Task instructions
Repeat the data as given. Images do not go in the copy.

Data
☆ ☆ ☆ ☆

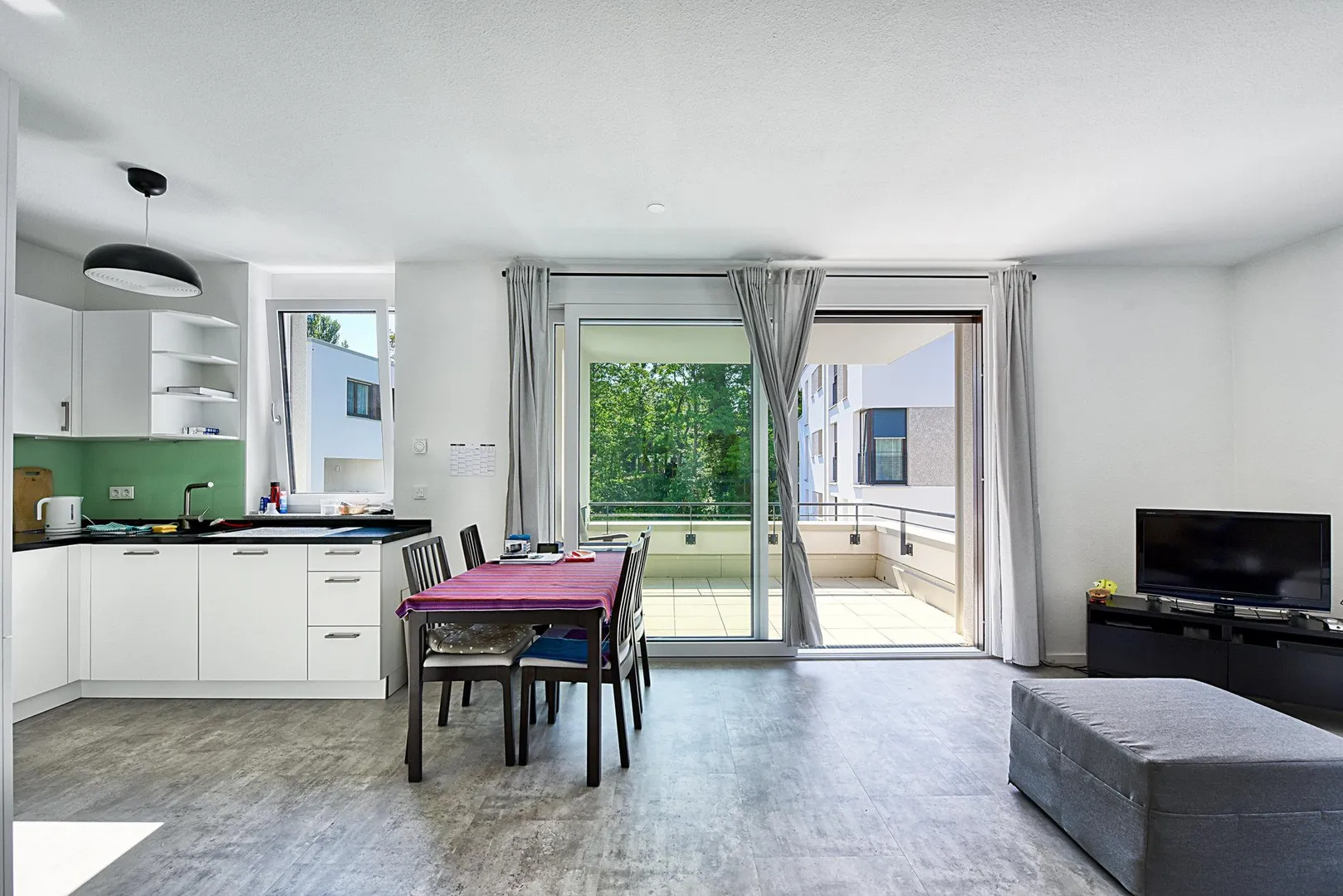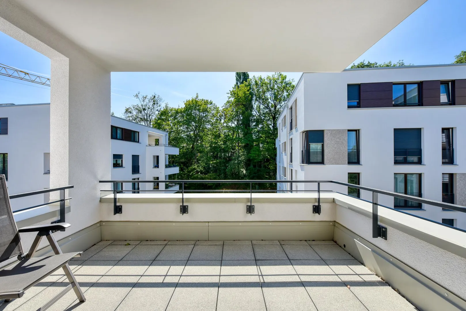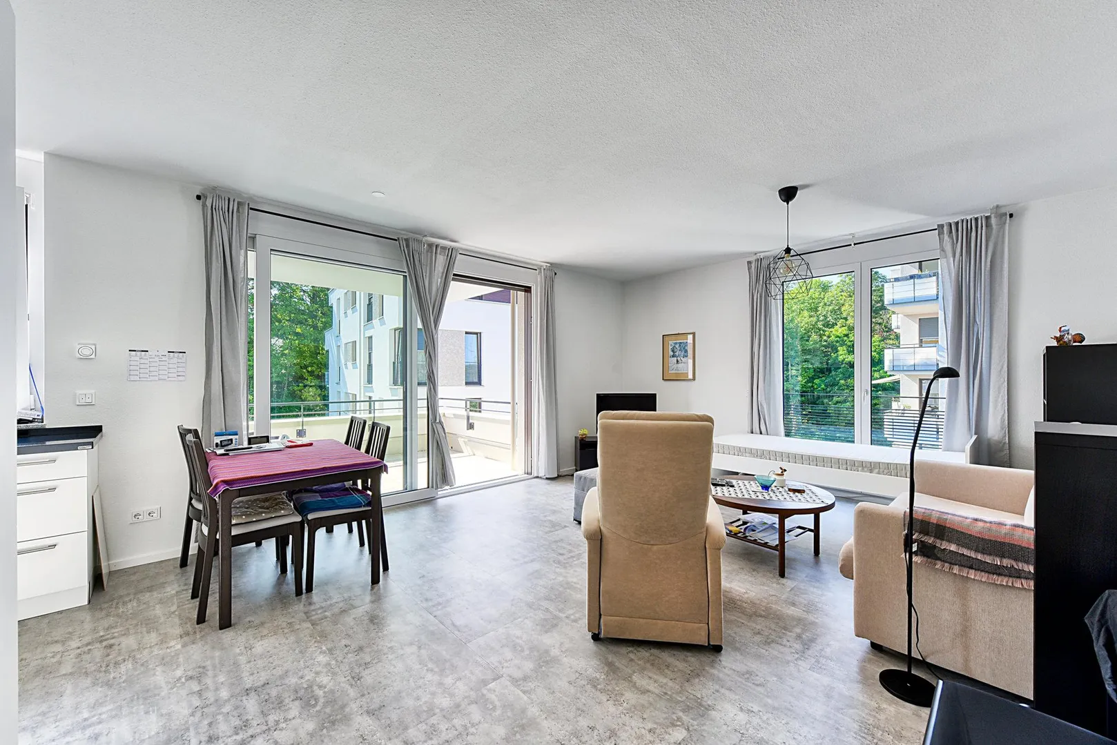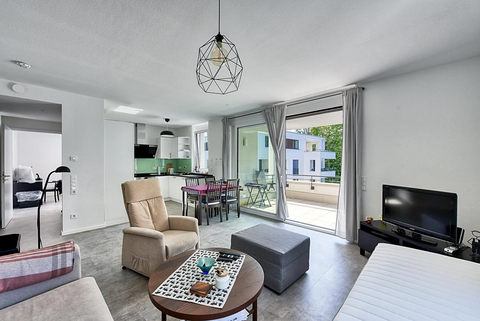 Die Zimmer, die Küche sowie der Balkon sind nach Süden ausgerichtet. Der ca. 10 m² große und überdachte Balkon ist über das Wohnzimmer begehbar.
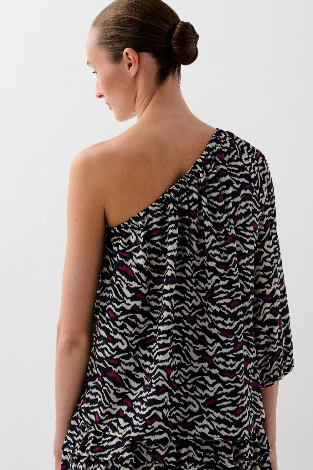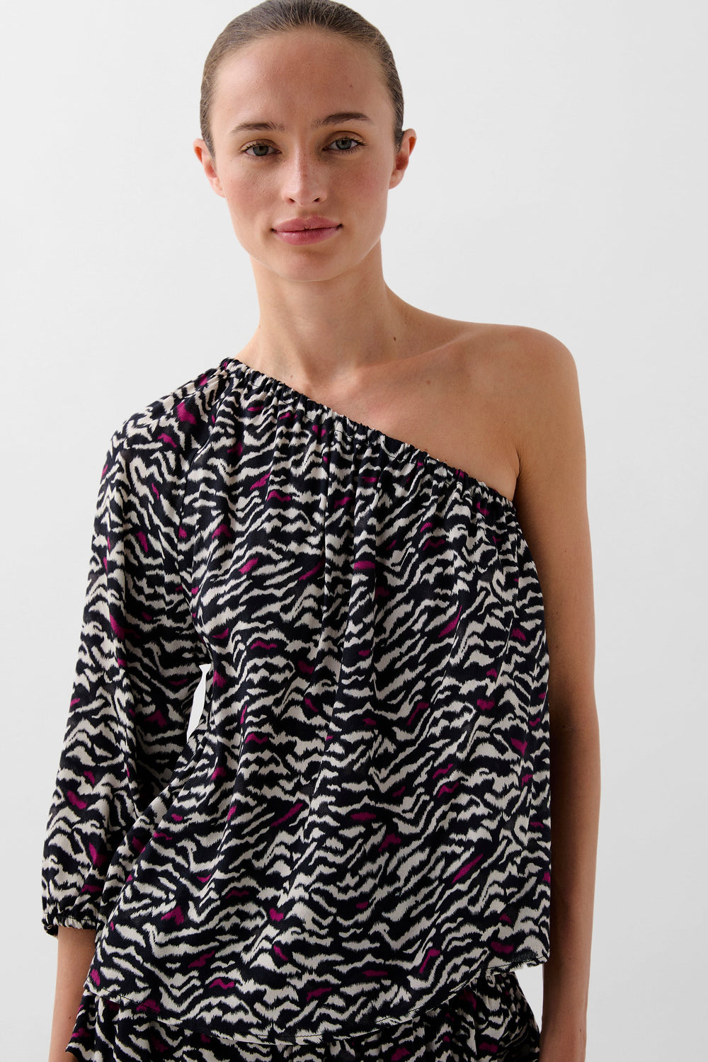 Chemisier 100 % viscose à imprimé motif animal. Coupe droite, col asymétrique, manches légèrement bouffantes à poignets élastiques.
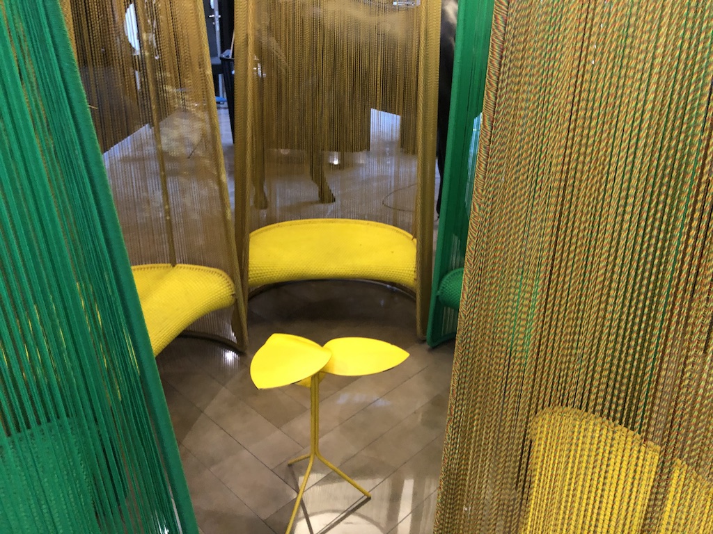 Im Lobbybereich gibt es neben der Rezeption viele Sitzmöglichkeiten, eine Bar, Waschräume und dem Zugang zum Restaurant und den Tagungsräumen.

☆ ☆ ☆ ☆

Written solution
 Die Zimmer, die Küche sowie der Balkon sind nach Süden ausgerichtet. Der ca. 10 m² große und überdachte Balkon ist über das Wohnzimmer begehbar.
 Chemisier 100 % viscose à imprimé motif animal. Coupe droite, col asymétrique, manches légèrement bouffantes à poignets élastiques.
 Im Lobbybereich gibt es neben der Rezeption viele Sitzmöglichkeiten, eine Bar, Waschräume und dem Zugang zum Restaurant und den Tagungsräumen.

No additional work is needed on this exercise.